I'm trying to solve below exercise in Brezis' Functional Analysis, i.e.,
Exercise 4.14 Let $(\Omega, \mathcal F, \mu)$ be a measure space with $\mu(\Omega) < \infty$. Let $f,f_n$ be real-valued measurable functions such that $(f_n) \subset L^p(\Omega)$ where $p \in [1, \infty)$ and that $f_n \to f$ $\mu$-a.e.

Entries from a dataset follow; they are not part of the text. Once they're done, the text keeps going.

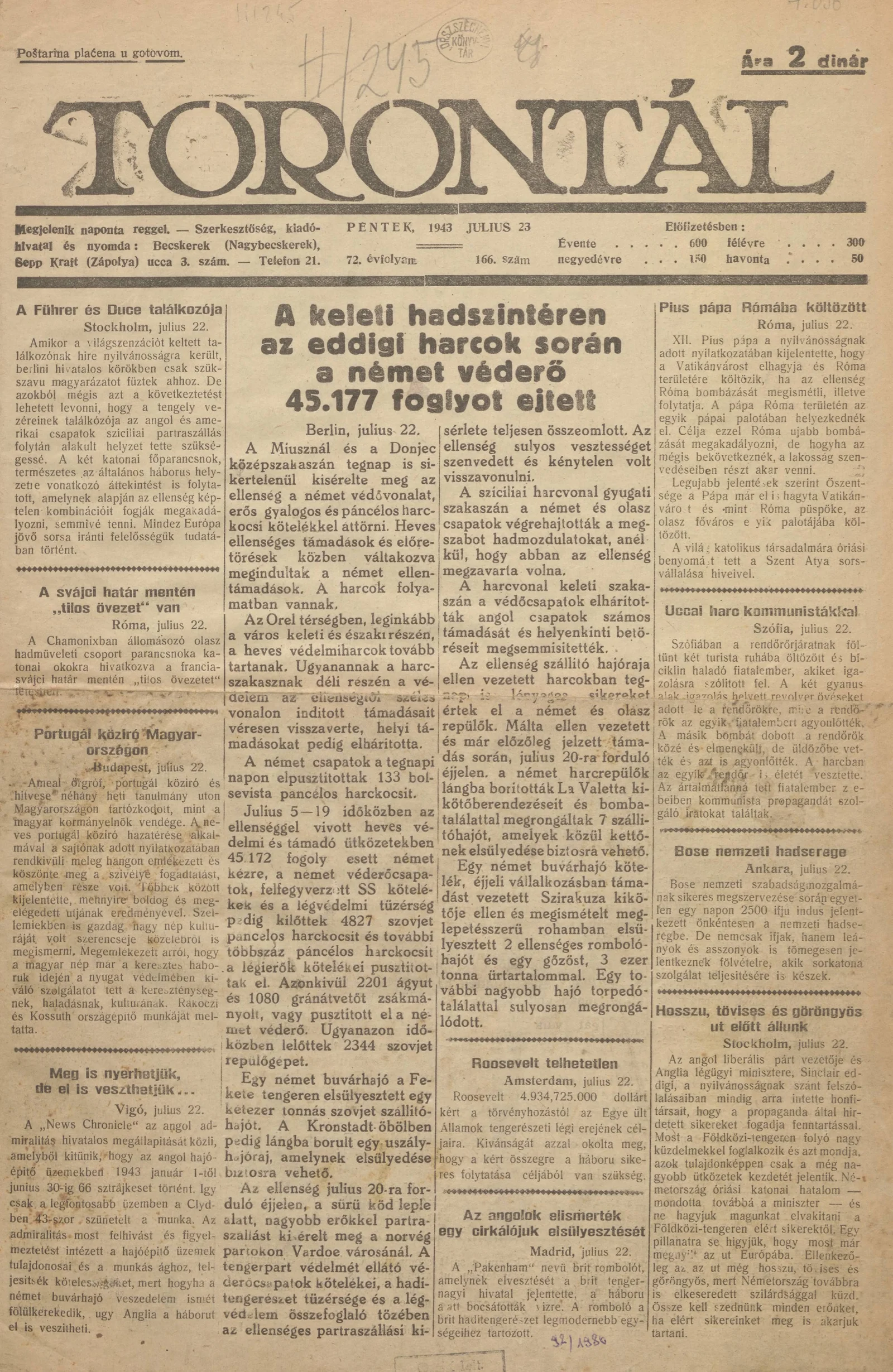 Torontál, 72. évf. 1943. július 23. 166. sz.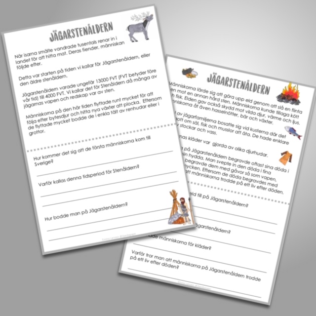 - En läsförståelse om jägarstenåldern på 2 sidor.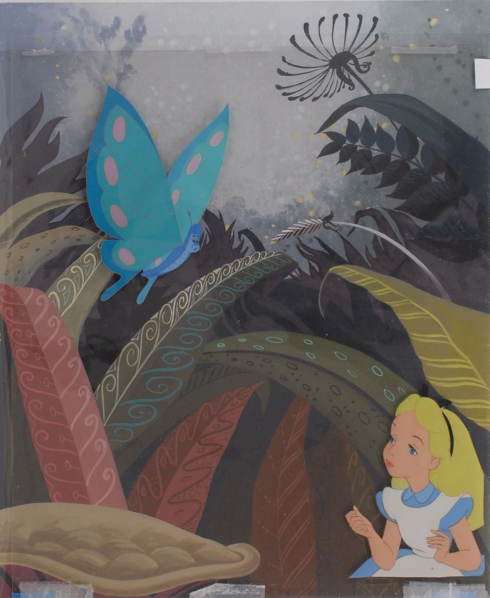 (Walt Disney Studios, 1951) Original production cels featuring Alice and the Butterfly from Alice in Wonderland, showing the post-transformation hookah-smoking caterpillar taking flight. The cels are applied to a hand-painted background. Character images measure 3.25 x 5 and 3 x 4.25, with overall dimensions of 11.25 x 13.5. In fine condition, with trivial soiling and surface impressions.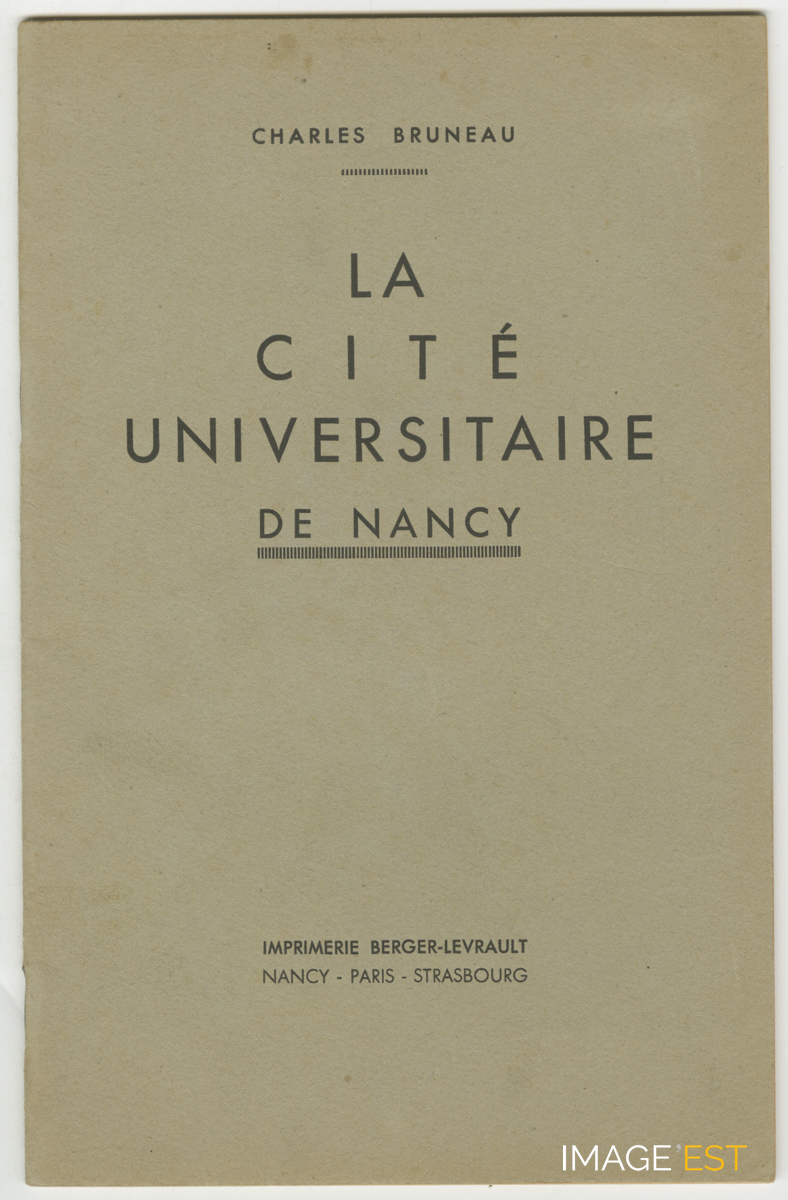 Couverture d'un livret de présentation de la Cité universitaire de Monbois 2, rue Ludovic Beauchet à Nancy (Meurthe-et-Moselle) par Charles Bruneau, professeur à la Faculté de Lettres de Nancy.

Assume that for each $\varepsilon >0$ there is $\delta>0$ such that $\sup_n \int_A |f_n|^p < \varepsilon$ for every $A \in \mathcal F$ with $\mu(A) < \delta$. Prove that $f_n \to f$ in $L^p(\Omega)$.
Could you confirm if my below proof is fine?
My attempt It suffices to prove that $(f_n)$ is a Cauchy sequence in $L^p(\Omega)$. We fix $\varepsilon >0$. There is $\delta>0$ such that $\sup_n \int_A |f_n|^p < \varepsilon 2^{-p}$ for every $A \in \mathcal F$ with $\mu(A) < \delta$. By Egorov theorem (where $\mu(\Omega) < \infty$ is needed), there is $A \in \mathcal F$ such that $\mu(A) < \delta$ and $f_n \to f$ uniformly on $A^c := \Omega \setminus A$. There is $N >0$ such that for all $m,n \ge N$, $$ \begin{align} & \sup_{\omega \in A^c} |f_n(\omega) - f_m (\omega)| \\ \le{} & \sup_{\omega \in A^c} |f_n(\omega) - f (\omega)| + \sup_{\omega \in A^c} |f_m (\omega) - f (\omega)| \\ <{} &\varepsilon. \end{align} $$
We have $$ \|f_n-f_m\|_p^p = \int_A |f_n-f_m|^p + \int_{A^c} |f_n-f_m|^p. $$
For all $a,b \in \mathbb R$, $$ |a+b|^p \le (2 \max\{a,b\})^p = 2^p (\max\{a,b\})^p \le 2^p(|a|^p+|b|^p). $$
Then for all $m,n \ge N$, $$ \begin{align} \|f_n-f_m\|_p^p &\le 2^p \int_A (|f_n|^p + |f_m|^p) + \int_{A^c} |f_n-f_m|^p \\ &\le 2^p (\varepsilon 2^{-p+1}) + \varepsilon \\ &= 3 \varepsilon. \end{align} $$
This completes the proof.